W 80 miastach w Polsce oraz w 20 na świecie, na protesty wyszły dorosłe kobiety, tak jak i mężczyźni na równi z młodzieżą, chcących okazać rozczarowanie w sprawie postanowienia Konstytucyjnego Trybunału w odniesieniu do możliwości legalnego usunięcia ciąży. W czwartek 22 października, Trybunał zadecydował, iż usunięcie ciąży w sytuacji zagrożonego płodu zostało uznane za niezgadzające się z Konstytucją. Od tamtej chwili niepowstrzymanie organizowane są demonstracje, mające ukazać sprzeciw w odniesieniu do tego przedmiotu.
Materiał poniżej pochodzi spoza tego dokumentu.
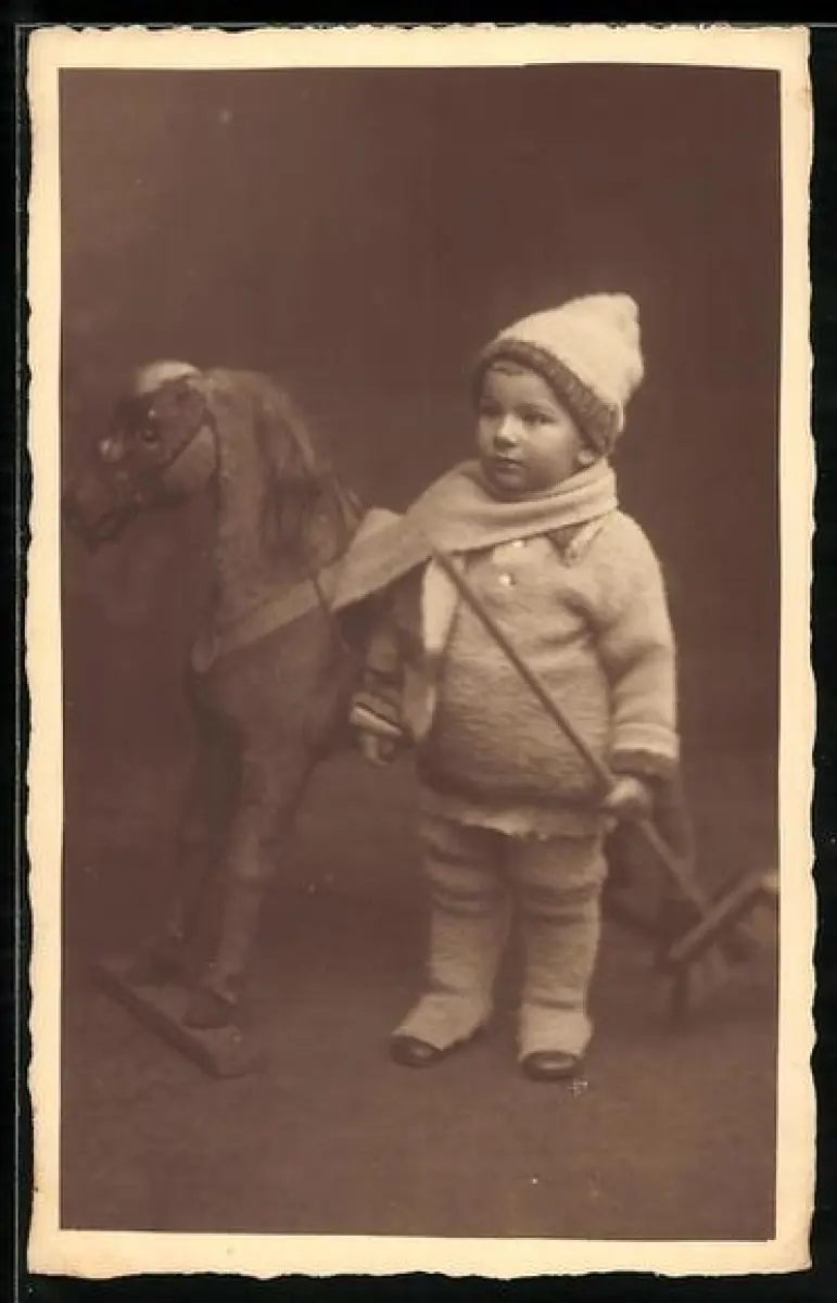 Foto-AK Kind in Winterkleidung mit einem Schaukelpferd

Protestującym wtórują tego typu hasła jak na przykład "To jest wojna" lub "Piekło Kobiet". Można usłyszeć również różne teksty, jak na przykład "Wyp*******ć", a także "***** ***", z czego zamiast gwiazdek możliwe jest wkomponować slogan, w prowokatorski sposób sugerujący opuszczenia stanowiska przez obecnie panującą partię. Zarówno młodsze osoby, jak i starsi obywatele udali się na ulice, żeby wyrazić komitywę z manifestującymi, którym zostały odebrane racje do decydowania przez rządowy wyrok. Dziesiątki tysięcy tysięcy osób w wielu miastach Polski jak i setki w innych krajach pragnie pokazać, iż podobna norma nie może być uchwalona i zaprezentować swoje wzburzenie odnośnie postawy aktualnie panującego rządu.
Strajk się stale rozwija
Od samego początku na proteście można było zobaczyć bez liku osób, przeważnie pełnych oburzenia Pań. W największych miastach, demonstrujących były setki, a nawet tysiące, jednak i w mniejszych miejscowościach społeczność pokazywała swój sprzeciw, zbierając się pod urzędami miejskimi i wybierając się na "spacery". Na manifestacjach wykrzykiwanych jest sporo haseł, wyśpiewywane są piosenki, natomiast na transparentach da się znaleźć różne napisy, jak chociażby "No women, no kraj" oraz "Moje ciało, mój wybór". Jednakże faktycznym znakiem, który widać na każdym kroku, jest uznana błyskawica w kolorze czerwonym. Mnóstwo gwiazd i internetowych osobistości albo dołącza do demonstracji, wychodząc na ulice swoich miast, czy też publikuje informacje w social mediach, demonstrując swoje wsparcie dla protestu. Jednakże partia, która obecnie rządzi jak również reprezentanci Kościoła Katolickiego uważają, iż Strajk Kobiet to zamach, którego celem jest zniszczyć Polskę i wzywają do zaprzestania demonstracji.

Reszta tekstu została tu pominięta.